The game of soccer is an interesting one. A team can outshoot the other and have far better chances, but end up losing. Likewise, a team playing poorly can have one big chance in the whole match and use it to score the game’s only goal. As we have seen so far in the 2018 FIFA World Cup, there have been many outcomes and statistics that we have not expected. How can we find a way to model the tournament to find teams with the best chances of winning? There are a couple measures that can give us a good sense of how likely team A should defeat team B based on data collected by previous international games. One such method can find the expected number of goals a team should score against a certain opponent. Based on the expected value, we can use Poisson distributions to find the probabilities of a team scoring a specific number of goals and use that to find win, loss, and draw percentages.
International teams are relatively tricky to evaluate because they play few games throughout a long cycle of 4 years between World Cups. Unlike a regular yearly season, there is much more turnover between players and team personnel. Thus, the sample size of predictive games is smaller than desired. In order to create probabilities for the third round of group stage matches, I took into account the country’s previous ten games against top 80 national teams, including the first two World Cup matches. Using simply goals scored per game is not enough, because the strength of a team’s defense can influence how many goals are conceded. So, we want to normalize the amount of goals scored and goals allowed per game by each team by comparing how it stands against the average for all 32 World Cup teams. In their last 10 games before the final group stage game, World Cup teams scored 1.425 goals per game and allowed 1.1375 per game. The ratio of a team’s goals scored and allowed to the average produces Offensive and Defensive Strength values. An offensive number over 1 signifies an above-average World Cup offensive team and a defensive number under 1 is given to an above-average defensive team. For example, Spain’s 2.5 goals per game translates to a 1.75 offensive strength number and .9 goals allowed per game results in a .8 defensive strength number. This is how we can determine how a defense can affect an offense’s scoring results. To find the amount of expected goals of an offense against a defense, we multiply the offense’s value by the defense’s value times the average goals per game of the last ten games played by each World Cup side (1.281) , which is the expected goals scored in 90 minutes between a team’s offense and its opponent’s defense. We do the same thing for the opponent’s offense and the first team’s defense to find the opponent’s expected goals.
Now that we have the expected goal values, we can use the Poisson model to determine the probabilities of scoring a certain number of goals. Given an average number of occurrences, we can find how likely any integer of occurrences is to happen using the binomial distribution of outcomes. The probability P of n goals scored given an average of x expected goals per game (with accounting for opponent’s defense) can be determined by the equation
P = (xne-x)/n!
This table below shows probabilities that a team scores a certain number of goals in a hypothetical match between the nations. Each combination is found by multiplying the probabilities of the specific outcomes. It is found that scoring more than five goals has an extremely negligible probability.
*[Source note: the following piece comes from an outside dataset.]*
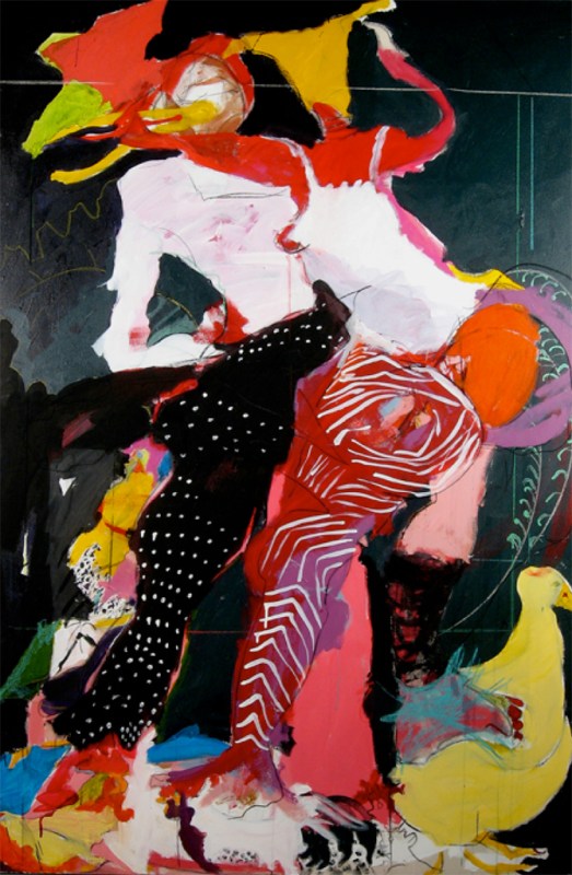 In later works her abstractions solidify and indicate persons and objects often jumbled together. Her figurative elements, while barely recognizable, are suggestive of narrative.  Movement and action are conveyed by dynamic brushwork and richness of color.

|Russia 0||Russia 1||Russia 2||Russia 3||Russia 4||Russia 5|
From here we can find match predictions , such as the expected score, which is the highest probability in the grid, the percentage of a draw( the sum of all the probabilities on the diagonal), the percentage of a Russia win, (the sum of all probabilities northeast of the diagonal, and the percentage of a Uruguay win, (the sum of all probabilities southwest of the diagonal) These outcomes can help one determine a strategy for wagering and analyzing matches and teams.
However, there are a couple limitations of the Poisson distribution predictions for soccer matches. For one, these outcomes cannot take injury, yellow/red cards, or tournament scenarios into account. In the last round of the group stage matches, many teams will not use their normal play style and play for a draw in order to qualify or rest/go easy on their star players if the squad has already qualified for the next phase of the tournament. In that regard, the probabilities may be skewed. One very important limitation is that of defense. A very “strong” defense under .5 could destroy a team’s expected goals value, which is unrealistic especially when using a smaller sample size. An offense scoring 2 expected goals a game matched with a defense allowing .2 expected goals per game should have a larger expected goals value than just .4. In other words, a great offense should not be severely penalized by a great defense, which gives unrealistically low expected goal values and could predict an amazing defensive team to go all the way regardless of their offense. So, I capped the defensive ratings to go no lower than .5.
For the third round of group play, the highest win/loss/draw probability matched the result 7 times, and the lowest probability matched the result only twice, one of them due to playing for a draw and the other an improbable upset of South Korea over Germany which shocked the entire globe. Using the model for the now-complete knockout stage, it favors Brazil to score a narrow victory in extra time over England in the final. If that’s the prediction, we’re in for a thrilling last two weeks at the World Cup.